Ce n’est pas d’hier que des auteurs soulignent l’impact du stress professionnel (Aubert et Pagès, 1989; Boyer, et collab., 1995; Béland, 2009) et le risque de burnout des travailleurs sociaux (Pezet, Villatte et Logeay, 1993) vu comme une occasion de se mobiliser pour passer de l’usure à une reconstruction de l’identité professionnelle. Il existe même un guide à l’intention des intervenants sociaux pour les aider à faire échec au burnout (Arcand et Brissette, 1998). Quant au harcèlement moral que peuvent exercer certains employeurs ou parfois des collègues de travail, Hirigoyen (2001) a distingué « le vrai du faux », comme elle l’écrit, de façon à nous sensibiliser à ce phénomène de société.

Parallèlement pourtant, d’autres organisations publiques et communautaires parviennent à relever le défi de l’implication de leur personnel et réussissent à s’assurer que leurs équipes de travail développent un haut niveau de cohésion et de complémentarité. Toutes ces organisations s’avèrent soumises à des contraintes assez semblables : pénurie de ressources, main-d’oeuvre vieillissante, nécessité de s’adapter à de nouveaux besoins, contraintes budgétaires, listes d’attente, informatisation accrue et développement de réseaux intégrés de services.

Comment, du point de vue du personnel qui y travaille quotidiennement, expliquer de telles variations? Et ensuite, quelles bonnes pratiques pouvons-nous encourager et développer? Tel est le propos de cet article qui, bien que basé essentiellement sur des données tirées de recherches québécoises, s’inspire largement d’écrits internationaux. Il va aussi dans le sens d’une étude canadienne en cours de réalisation avec l’aide de plusieurs associations provinciales et présentée en juin 2013 au Congrès des sciences sociales et humanités (Bejan, 2012). Il faut toutefois noter qu’il s’agit ici essentiellement d’un bilan critique et non pas d’une nouvelle recherche.

La situation dans les établissements publics québécois

Le réseau d’établissements publics québécois offrant des soins de santé et des services sociaux emploie près de 10 % de la main-d’oeuvre du Québec, soit plus de 220 000 personnes. Notons que seulement 100 000 d’entre elles travaillent à temps complet. Cette main-d’oeuvre est également féminine à 75 % et mobilise 30 % du budget des services de l’État. Or, année après année, un pourcentage important des heures rémunérées n’est pas travaillé, ce qui traduit certainement un malaise sérieux :

Les établissements du réseau de la santé et des services sociaux ont connu depuis 1993-1994 une augmentation des absences en assurance-salaire de l’ordre de 24 %. […] Environ 10 500 employés en équivalant à temps complet sont absents annuellement en fonction de l’un ou [de] l’autre des régimes, ce qui représente 7,5 % des effectifs à temps complet du réseau; les coûts directs des régimes d’indemnisation se situent à plus de 330 millions de dollars annuellement.

Ministère, 2001, p. i

L’adaptation aux besoins perçus de la population a souvent pris la forme de changements de structures (fusion d’établissements, restructurations complètes en 2004) de vocations et de transferts d’effectifs.

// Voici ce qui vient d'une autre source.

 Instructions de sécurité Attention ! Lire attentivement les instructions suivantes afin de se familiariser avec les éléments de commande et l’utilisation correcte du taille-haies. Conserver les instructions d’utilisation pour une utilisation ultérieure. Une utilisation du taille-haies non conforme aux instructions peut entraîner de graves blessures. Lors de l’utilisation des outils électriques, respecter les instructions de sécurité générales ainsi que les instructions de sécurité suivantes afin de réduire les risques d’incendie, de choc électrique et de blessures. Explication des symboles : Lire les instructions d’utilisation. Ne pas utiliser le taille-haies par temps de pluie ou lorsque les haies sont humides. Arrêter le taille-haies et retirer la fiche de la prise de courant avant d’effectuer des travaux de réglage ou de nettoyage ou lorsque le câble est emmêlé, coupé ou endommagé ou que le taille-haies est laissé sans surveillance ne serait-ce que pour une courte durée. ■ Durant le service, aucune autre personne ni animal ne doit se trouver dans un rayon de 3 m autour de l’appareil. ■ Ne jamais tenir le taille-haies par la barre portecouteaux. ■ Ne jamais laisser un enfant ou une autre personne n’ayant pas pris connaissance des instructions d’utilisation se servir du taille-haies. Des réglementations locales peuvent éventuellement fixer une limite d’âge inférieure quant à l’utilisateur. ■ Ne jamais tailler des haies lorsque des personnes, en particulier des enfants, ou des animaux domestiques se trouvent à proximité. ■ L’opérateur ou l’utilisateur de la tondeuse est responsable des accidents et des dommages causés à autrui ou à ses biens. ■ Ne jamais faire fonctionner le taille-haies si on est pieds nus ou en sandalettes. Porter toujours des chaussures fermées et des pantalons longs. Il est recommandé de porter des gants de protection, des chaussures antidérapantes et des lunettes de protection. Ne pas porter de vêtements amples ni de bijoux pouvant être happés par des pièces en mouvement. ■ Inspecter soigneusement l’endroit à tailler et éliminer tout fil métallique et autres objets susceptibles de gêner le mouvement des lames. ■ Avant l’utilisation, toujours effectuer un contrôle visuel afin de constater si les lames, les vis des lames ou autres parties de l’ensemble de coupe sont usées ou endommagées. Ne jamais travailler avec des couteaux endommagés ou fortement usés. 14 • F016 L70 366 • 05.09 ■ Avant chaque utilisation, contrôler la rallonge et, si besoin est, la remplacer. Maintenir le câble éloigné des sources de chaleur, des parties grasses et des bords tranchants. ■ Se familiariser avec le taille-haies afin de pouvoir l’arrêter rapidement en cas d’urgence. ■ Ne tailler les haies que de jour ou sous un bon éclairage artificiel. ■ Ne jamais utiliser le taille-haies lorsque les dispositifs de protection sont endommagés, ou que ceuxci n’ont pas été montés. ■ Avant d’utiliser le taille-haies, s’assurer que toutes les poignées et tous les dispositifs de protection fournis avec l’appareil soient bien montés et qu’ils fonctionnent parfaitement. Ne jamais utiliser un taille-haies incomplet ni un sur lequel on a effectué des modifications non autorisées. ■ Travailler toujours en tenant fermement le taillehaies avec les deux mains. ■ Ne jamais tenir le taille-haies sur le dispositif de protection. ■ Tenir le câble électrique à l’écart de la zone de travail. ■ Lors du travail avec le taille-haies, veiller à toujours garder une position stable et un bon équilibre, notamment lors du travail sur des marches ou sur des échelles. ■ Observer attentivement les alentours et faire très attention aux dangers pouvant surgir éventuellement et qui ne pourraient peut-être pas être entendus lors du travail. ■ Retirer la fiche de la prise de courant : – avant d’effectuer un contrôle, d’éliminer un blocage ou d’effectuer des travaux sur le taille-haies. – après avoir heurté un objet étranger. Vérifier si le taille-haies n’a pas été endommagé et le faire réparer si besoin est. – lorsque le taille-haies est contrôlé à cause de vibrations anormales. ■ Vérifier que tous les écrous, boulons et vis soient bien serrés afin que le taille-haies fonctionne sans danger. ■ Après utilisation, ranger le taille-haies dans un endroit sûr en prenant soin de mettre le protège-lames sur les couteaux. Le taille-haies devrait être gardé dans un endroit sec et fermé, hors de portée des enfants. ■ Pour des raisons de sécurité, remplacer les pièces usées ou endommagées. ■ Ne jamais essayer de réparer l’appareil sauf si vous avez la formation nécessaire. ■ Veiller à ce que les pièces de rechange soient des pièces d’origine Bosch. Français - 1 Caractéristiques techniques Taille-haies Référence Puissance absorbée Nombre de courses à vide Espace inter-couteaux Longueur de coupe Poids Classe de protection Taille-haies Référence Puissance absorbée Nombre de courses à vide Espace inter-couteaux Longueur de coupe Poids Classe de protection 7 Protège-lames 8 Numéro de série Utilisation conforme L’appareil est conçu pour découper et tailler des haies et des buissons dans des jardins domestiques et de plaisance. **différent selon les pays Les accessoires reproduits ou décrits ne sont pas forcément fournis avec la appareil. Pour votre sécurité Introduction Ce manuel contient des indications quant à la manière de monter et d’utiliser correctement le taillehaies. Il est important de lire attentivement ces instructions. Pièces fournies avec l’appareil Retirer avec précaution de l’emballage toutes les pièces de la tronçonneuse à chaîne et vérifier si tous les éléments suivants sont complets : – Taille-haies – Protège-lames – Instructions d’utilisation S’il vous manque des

Or, ces changements majeurs provoquent des chocs culturels qui persistent souvent pendant plusieurs années et se traduisent difficilement à court terme en gains d’efficacité en ce qui a trait à l’intégration accrue des services, à la complémentarité des expertises et à la coordination facilitée (Collerette, 2008).

Une recherche américaine (Glisson et Hemmelgarn, 1998) a mis en évidence l’importance du climat organisationnel pour faciliter la collaboration interorganisationnelle et assurer de la complémentarité dans les services aux jeunes au Tennessee. Les auteurs expliquent que dans un milieu de travail où les gestionnaires font confiance aux professionnels, ceux-ci sont davantage à l’aise de prendre des initiatives et utilisent leur autonomie à bon escient.

La situation au Québec n’est pas très différente selon une recherche menée dans les services aux jeunes en difficulté (Larivière, 2001). Pour une majorité de répondants, le climat de travail est décrit comme difficile, bien qu’il existe également des milieux stimulants. Cela nous permet de poser une question fondamentale : selon quels facteurs des employés peuvent-ils estimer que le climat de travail dans leur organisation est favorable ou non? L’analyse de ces facteurs permet ensuite de dresser une liste des bonnes et mauvaises pratiques de gestion des ressources humaines dans un établissement public où les professionnels constituent l’ossature autour de laquelle gravitent les services à la clientèle. Nous aborderons successivement deux types de facteurs : 1. intrapersonnels et liés aux valeurs; 2. intra-organisationnels et reliés au mode de gestion de l’organisme employeur.

La première dimension, celle des facteurs intrapersonnels s’explique par la motivation intrinsèque qui conduit une majorité de personnes à exercer une profession en vue de se réaliser en raison d’une valorisation de la nature particulière de leur tâche (les services à rendre, l’expertise à utiliser, le soin à donner) dans un contexte qu’elles souhaitent respectueux de leur autonomie professionnelle (Glisson et Hemmelgarn, 1998).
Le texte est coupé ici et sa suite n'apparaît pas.